EXERCISE AIM: Below are the records. Retype exactly the lines between the lines holding "положительной апробацией результатов" and "Úplne nový model", inclusive.

LISTED RECORDS:
>>>>

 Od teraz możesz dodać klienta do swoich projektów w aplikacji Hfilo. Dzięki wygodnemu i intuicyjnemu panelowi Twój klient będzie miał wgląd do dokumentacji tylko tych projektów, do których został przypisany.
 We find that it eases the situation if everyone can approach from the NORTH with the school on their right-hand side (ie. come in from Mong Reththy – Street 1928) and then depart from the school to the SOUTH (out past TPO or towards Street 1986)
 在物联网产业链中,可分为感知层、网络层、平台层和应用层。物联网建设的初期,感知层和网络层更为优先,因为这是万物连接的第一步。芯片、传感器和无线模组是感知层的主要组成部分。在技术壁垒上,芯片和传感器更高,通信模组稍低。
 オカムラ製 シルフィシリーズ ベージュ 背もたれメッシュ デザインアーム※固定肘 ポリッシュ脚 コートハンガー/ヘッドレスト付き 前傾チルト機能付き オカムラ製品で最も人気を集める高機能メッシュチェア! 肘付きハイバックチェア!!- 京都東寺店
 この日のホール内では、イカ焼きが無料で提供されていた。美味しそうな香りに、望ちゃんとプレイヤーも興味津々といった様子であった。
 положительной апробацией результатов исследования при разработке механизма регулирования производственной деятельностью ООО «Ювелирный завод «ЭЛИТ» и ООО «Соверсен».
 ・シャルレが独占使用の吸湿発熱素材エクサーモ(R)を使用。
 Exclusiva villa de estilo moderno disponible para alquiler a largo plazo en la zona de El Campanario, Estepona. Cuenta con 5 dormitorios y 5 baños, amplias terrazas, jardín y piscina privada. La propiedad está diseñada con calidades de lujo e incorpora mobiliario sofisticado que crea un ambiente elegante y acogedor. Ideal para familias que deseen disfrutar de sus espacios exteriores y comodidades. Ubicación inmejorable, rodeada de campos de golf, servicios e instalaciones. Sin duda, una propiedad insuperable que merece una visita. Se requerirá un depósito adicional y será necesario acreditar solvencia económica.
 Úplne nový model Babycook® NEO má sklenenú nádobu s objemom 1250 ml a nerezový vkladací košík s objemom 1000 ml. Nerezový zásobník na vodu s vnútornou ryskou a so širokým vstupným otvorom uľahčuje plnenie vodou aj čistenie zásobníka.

<<<<
>>>>

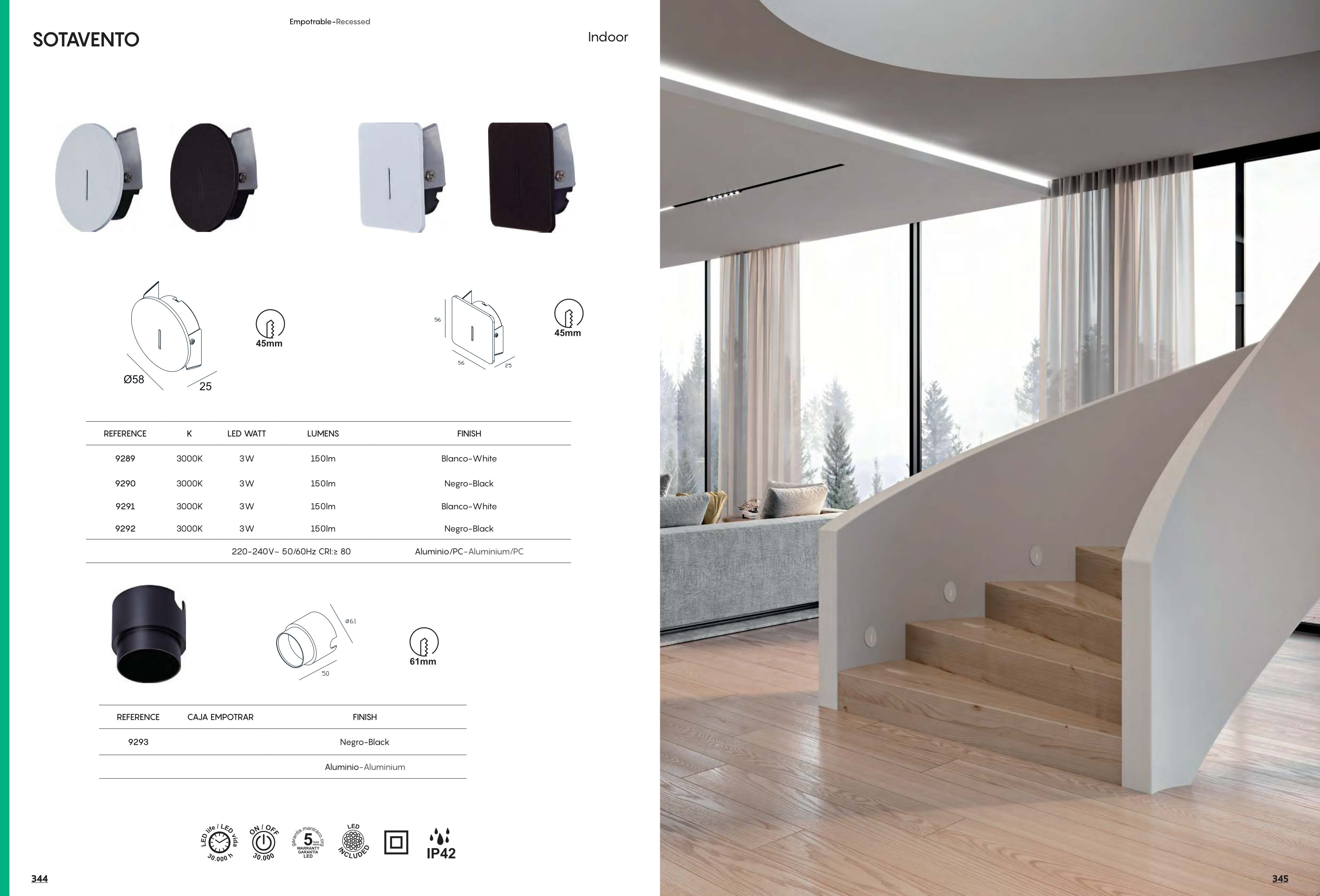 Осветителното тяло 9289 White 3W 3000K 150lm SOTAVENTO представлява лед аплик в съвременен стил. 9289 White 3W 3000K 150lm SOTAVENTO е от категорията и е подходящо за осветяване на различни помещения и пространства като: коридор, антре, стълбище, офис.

<<<<

EXERCISE RESULT:
 положительной апробацией результатов исследования при разработке механизма регулирования производственной деятельностью ООО «Ювелирный завод «ЭЛИТ» и ООО «Соверсен».
 ・シャルレが独占使用の吸湿発熱素材エクサーモ(R)を使用。
 Exclusiva villa de estilo moderno disponible para alquiler a largo plazo en la zona de El Campanario, Estepona. Cuenta con 5 dormitorios y 5 baños, amplias terrazas, jardín y piscina privada. La propiedad está diseñada con calidades de lujo e incorpora mobiliario sofisticado que crea un ambiente elegante y acogedor. Ideal para familias que deseen disfrutar de sus espacios exteriores y comodidades. Ubicación inmejorable, rodeada de campos de golf, servicios e instalaciones. Sin duda, una propiedad insuperable que merece una visita. Se requerirá un depósito adicional y será necesario acreditar solvencia económica.
 Úplne nový model Babycook® NEO má sklenenú nádobu s objemom 1250 ml a nerezový vkladací košík s objemom 1000 ml. Nerezový zásobník na vodu s vnútornou ryskou a so širokým vstupným otvorom uľahčuje plnenie vodou aj čistenie zásobníka.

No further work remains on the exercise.